¿De verdad existen los finales felices? No lo creo. De hecho no creo en un final como tal, pues siempre pasa algo después aunque las historias de amor traten de obviarlo.
Con los años he entendido que hablamos mucho del amor, que nos creamos expectativas sobre él que terminan exponiéndonos a la decepción. Al final no es ni tan eterno ni tan estable como lo idealizamos, pero no por ello deja de ser hermoso.
No es posible describirlo con exactitud pero sí sentirlo por completo. Y es que te enciende sin quemarte, entibiando tu cuerpo entero y estimulando tus ganas de vivir.

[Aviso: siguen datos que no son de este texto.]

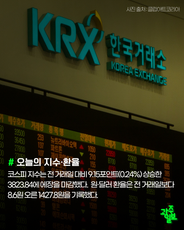 코스피 지수는 전 거래일 대비 9.15포인트(0.24%) 상승한3823.84에 에장을 마감했다. 원·달러 환율은 전 거래일보다 8.6원 오른 1427.8원을 기록했다.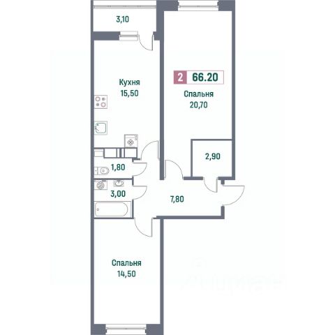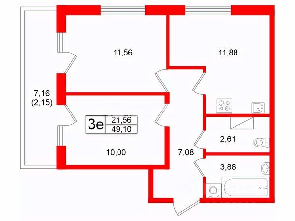 Продается 2-комн. квартира в ЖК "Аквилон Рива" на 11 этаже. Общая площадь: 56.95 кв.м., площадь просторной кухни-столовой: 20.55 кв.м. Высота потолков 2.73 м.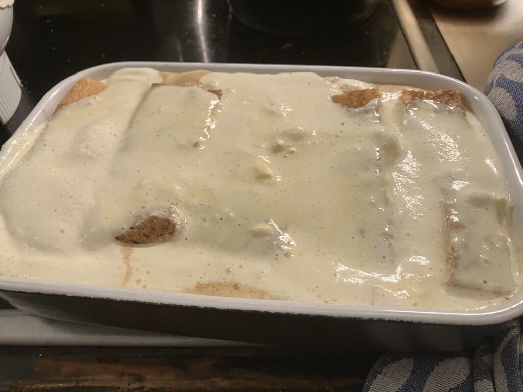 Danke für Deine Rückmeldung. Ich habe Espresso und Amaretto verdoppelt und das Ganze in einer großen Auflaufform geschichtet.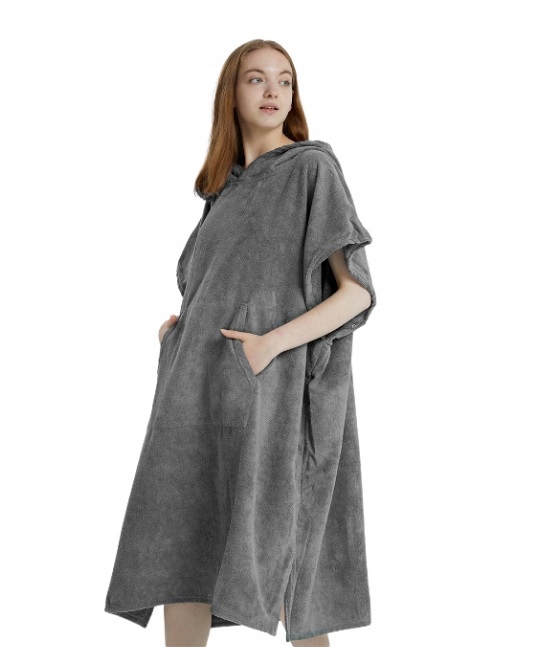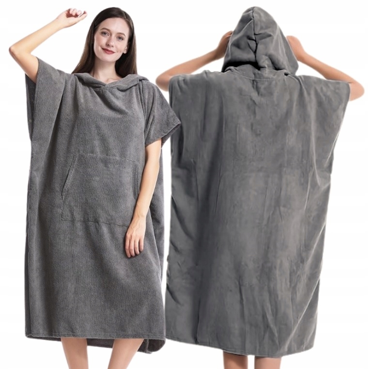 ПОНЧО ДЛЯ ПРОГУЛОК, ПОЛОТЕНЦЕ С КАПЮШОНОМ ДЛЯ МОРЖОВ, КУПАЛЬНИКИ ДЛЯ ПЛЯЖА, БАССЕЙНА, ХАЛАТ МУЖСКОЙ ЖЕНСКИЙ, СЕРЫЙ, БЕЗ РУКАВОВ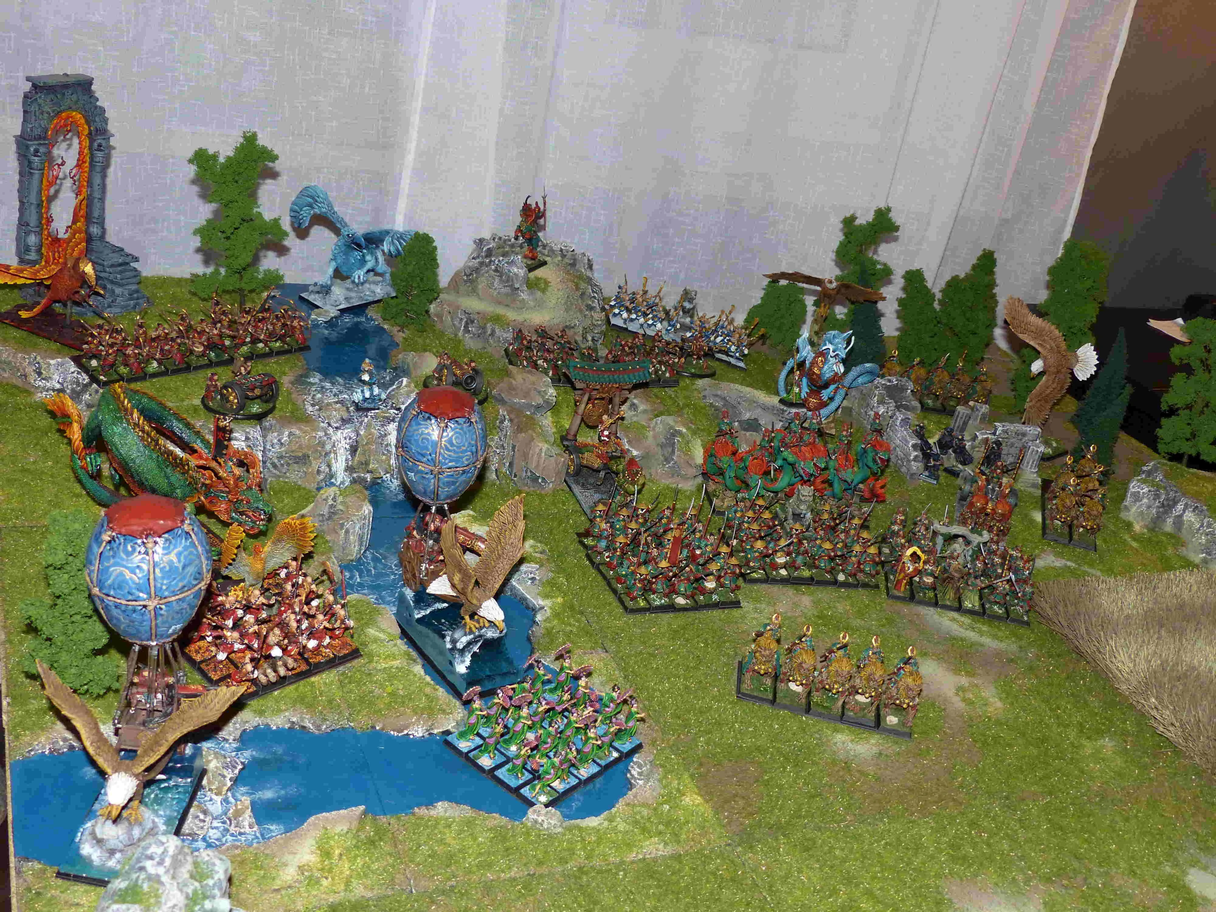 (Eine Idee für Schlachten mit Heiners Hochelfen war beispielsweise, dass die Hochelfen von Celeda Ablan mit der Verselbständigung der neuen Kultur unzufrieden sind und eine Neubesiedlung (und Umsiedlung nach Celeda Ablan) anordnen wollen - und dass auf diese Weise eine Art Bürgerkrieg entbrennt.

Y es que por más que leas o escuches sobre él, nada como vivirlo en carne propia: por más que huyas de él, siempre te lo vas a encontrar en cada esquina y de diversas formas. Mientras más hui, más rápido me alcanzo, y con su nombre y apellido se grabó en mi alma como nunca antes nada lo hizo.
Te conocí de una manera inusual, ¿y de qué otra manera me hubiese topado contigo si eres de todo menos común?
Mil veces amamos el paisaje atropellado de la ciudad a través de la ventana de tu habitación, y esa misma escena nos vio amarnos de múltiples maneras, aún en medio del escándalo propio de los fines de semana. La noche cerraba coronada con tu sonrisa justo después de embriagarnos en la piel del otro.
Aprendí mucho más de tu silencio que de tu discurso, pues allí encontraba el infinito número de posibilidades de que fueses de una u otra manera, de que me dijeras tanto con la mirada que pudimos prescindir de las palabras.
Empecé a amarte desde tu sensibilidad al arte y tu capacidad de narrar la realidad a través de versos, y me derretiste cuando te atreviste a llenar los espacios de mi cuerpo con diversidad de textos, palabras que conectan con lo que pudo seguir siendo. Hoy soy tu obra inconclusa, amado mío. Decidiste, sin mirar atrás, explorar otros lienzos fuera de esta tierra, tal vez para nutrir tu talento.